# Muzzles make the dog more aggressive?



## Dotty (Mar 19, 2012)

I have been muzzle training our 15 mos old shepherd who is reactive. 
Just now, I had her muzzle on, her sister came near then she growled at her. 

FYI she has been going to reactive classes which started the muzzle training. 
I think the muzzle is making her worse!

Is it possible?


----------



## onyx'girl (May 18, 2007)

It may be making her feel vulnerable which increases her anxiety.
If the class is asking too much of her too fast, that also may be playing into it. 
Is there a behaviorist in your area you can consult? Or take some private instruction from the trainer you are already going to?
FWIW, these two sisters may never get along, and you'll have to keep them separated for their own safety...wearing a muzzle through life isn't really fair.


----------



## Freestep (May 1, 2011)

Some dogs really resent being muzzled, while others actually become calmer and easier to work with. I notice this in my grooming salon. I rarely have to muzzle a dog anymore, but last week was a week from **** and I had to muzzle two of them. One became much more compliant with the muzzle on--he didn't REALLY want to bite me, but he was having a hard time with impulse control. Once muzzled, he knew biting wasn't an option, so he gave up. The other one fought tooth and nail and nearly injured herself trying to pull the muzzle off. It took everything I had to keep her under control. Eventually, she wore herself out and gave up, after which I was able to safely finish grooming her.
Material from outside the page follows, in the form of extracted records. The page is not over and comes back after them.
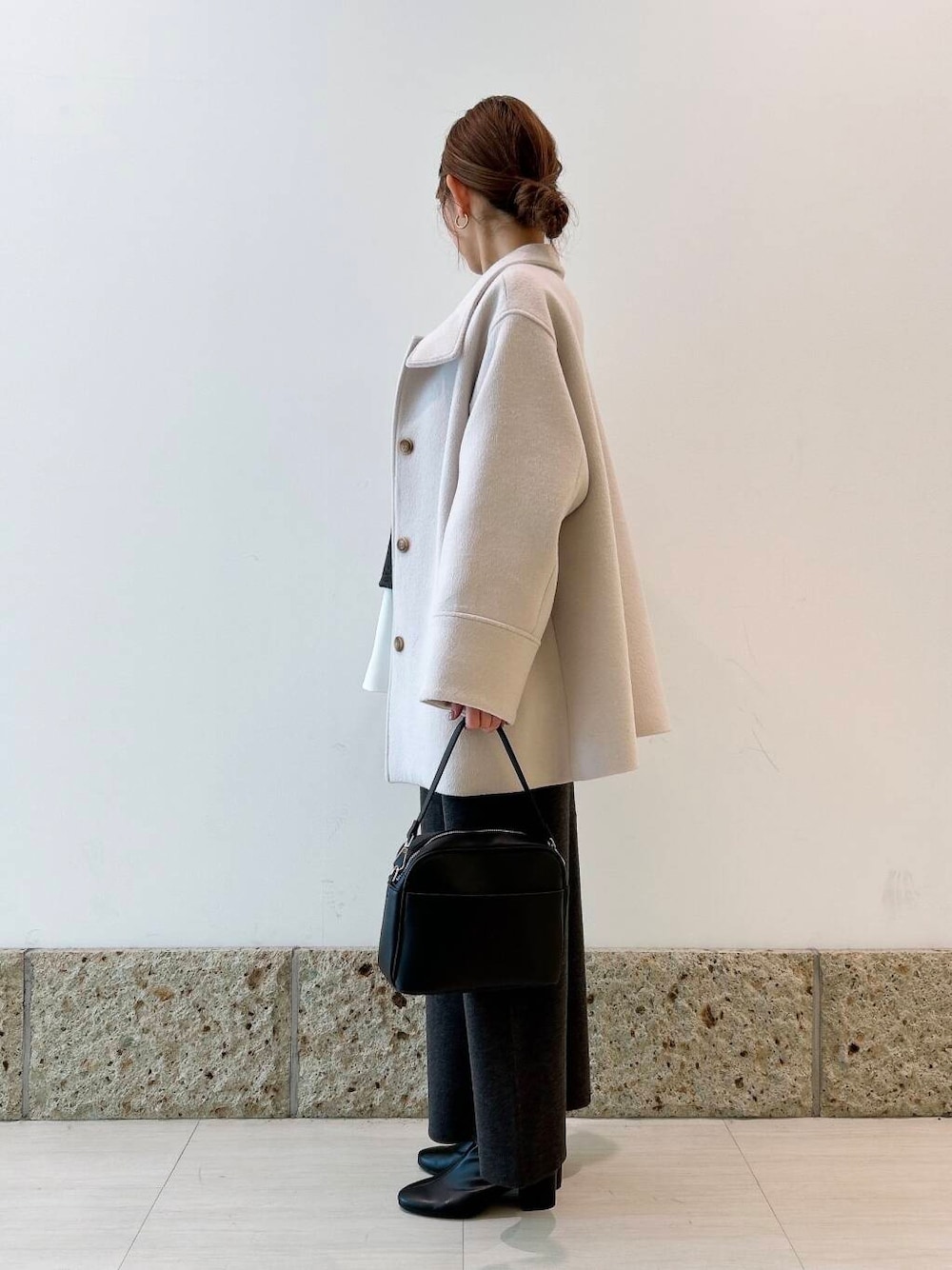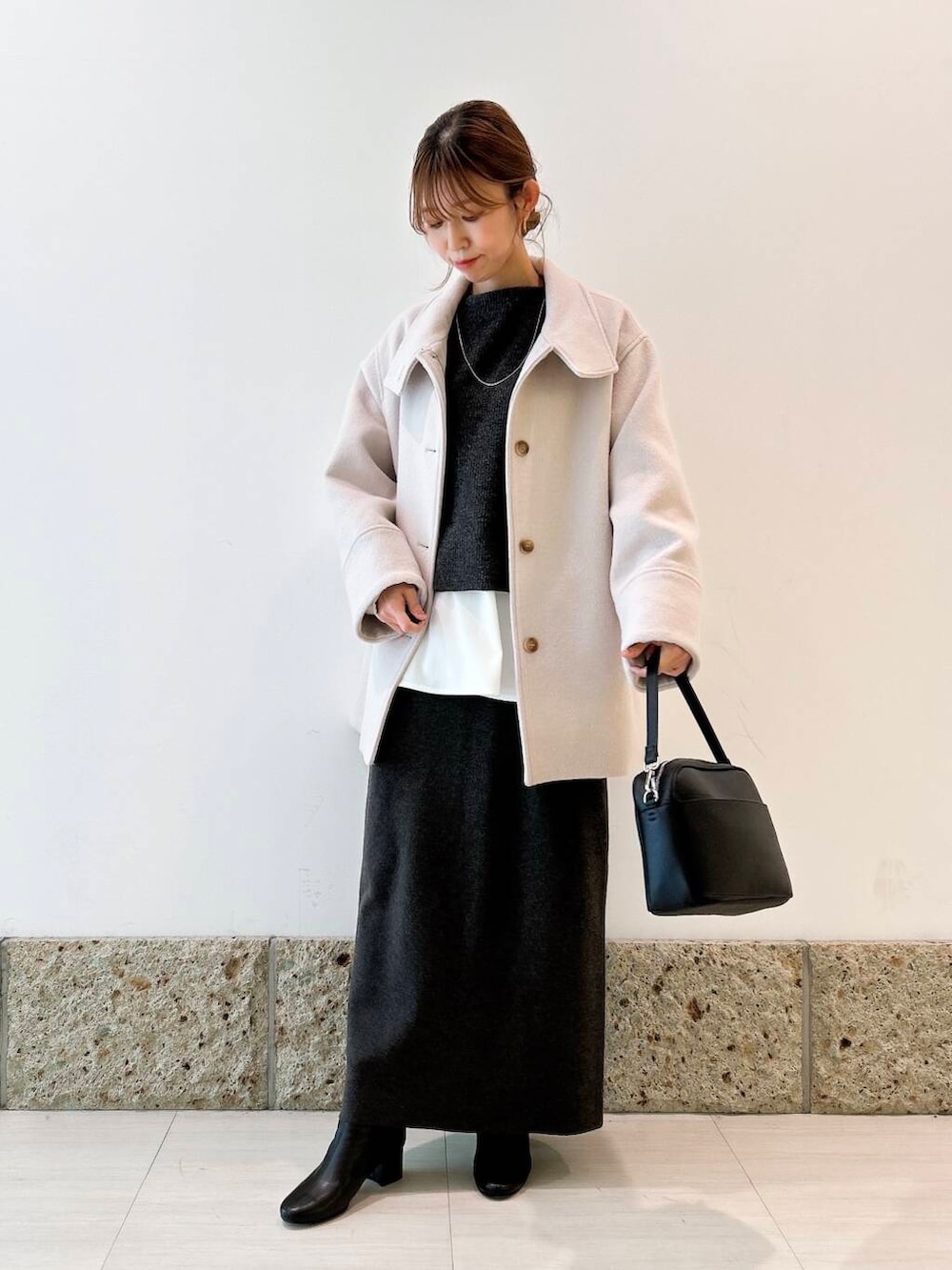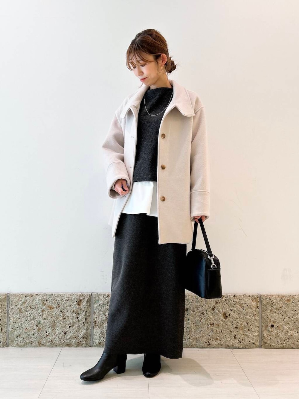 アウターは優しいECRUカラーが
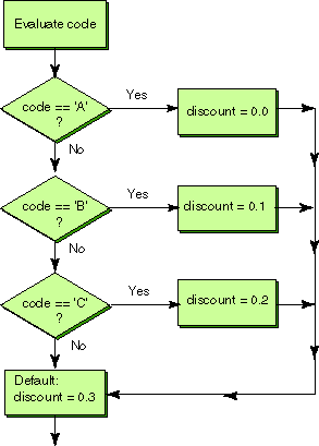 Flowchart of a break StatementHere is the example program fragment (again) and a flowchart that shows how it works. The box in the flowchart "evaluate code" means to get the current value of code. In a larger program this would usually be different every time.
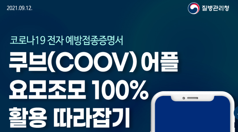 Android, IOS 모두 다운로드 가능 검색어: 전자예방접종증명서, 질병관리청 COOV
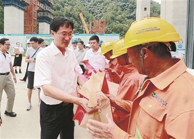 | 张才方向一线交通建设者送上高温慰问品。 记者邹伟锋 摄 |
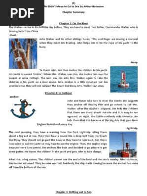 There, they befriend jim brading, owner of the yacht goblin, who invites them on… Oct 02, 2017 · novel we didn't mean to go to sea (form 3) : Based on one of the novels above, write about one of the themes in the story. Provide evidence from the text to support your response. Oct 09, 2017 · novel we didn't mean to go to sea :
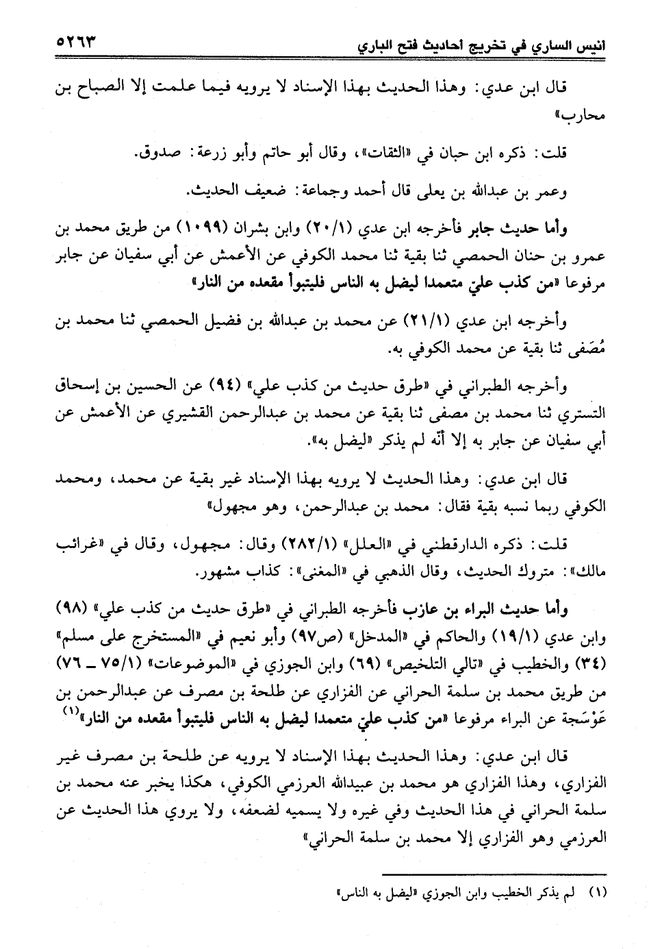 كتاب أنيس الساري (تخريج أحاديث فتح الباري) (اسم الجزء: 7)
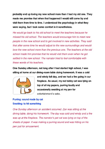 was up at the fireplace. The narrator’s pet cat was lying on top of the
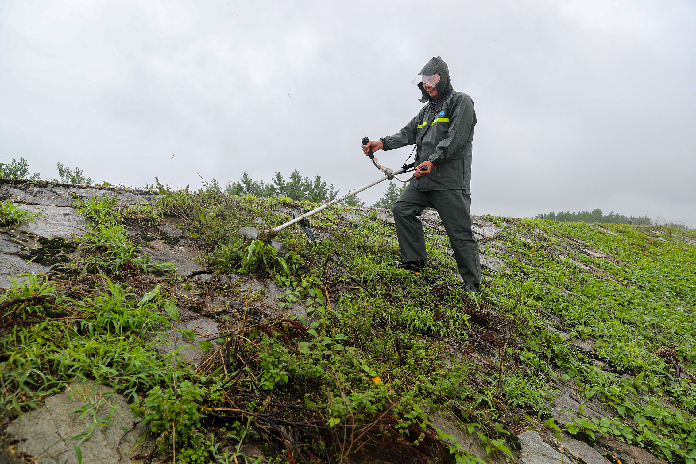 屈原融媒记者看到,在屈原管理区凤凰乡青港村防汛堤段,虽然雨下的很大,但防汛人脚步不停,身着雨衣手拿割草机正对沿线大堤进行清基扫障。

So, yeah. A muzzle can make things worse, as the dog can get frustrated and that can build up. In many cases it's temporary, until the dog gets used to wearing the muzzle and learns to accept it.


----------



## onyx'girl (May 18, 2007)

> One became much more compliant with the muzzle on--he didn't REALLY want to bite me, but he was having a hard time with impulse control. Once muzzled, he knew biting wasn't an option, so he gave up.


When I had Karlo's hips/elbows x-ray'd, I muzzled him for the procedure. 
He was sedated but still awake and as we were waiting for the films to develop, he was laying on his back in the cradle, I took off his muzzle. That agitated him, once I put it back on, he settled back down and relaxed again. It also relaxes Onyx somewhat at the vet, she knows the option to bite is removed, so will fight less.
The muzzle places some pressure on the ears which is a calming point.


----------



## Dotty (Mar 19, 2012)

onyx'girl said:


> It may be making her feel vulnerable which increases her anxiety.
> If the class is asking too much of her too fast, that also may be playing into it.
> Is there a behaviorist in your area you can consult? Or take some private instruction from the trainer you are already going to?
> FWIW, these two sisters may never get along, and you'll have to keep them separated for their own safety...wearing a muzzle through life isn't really fair.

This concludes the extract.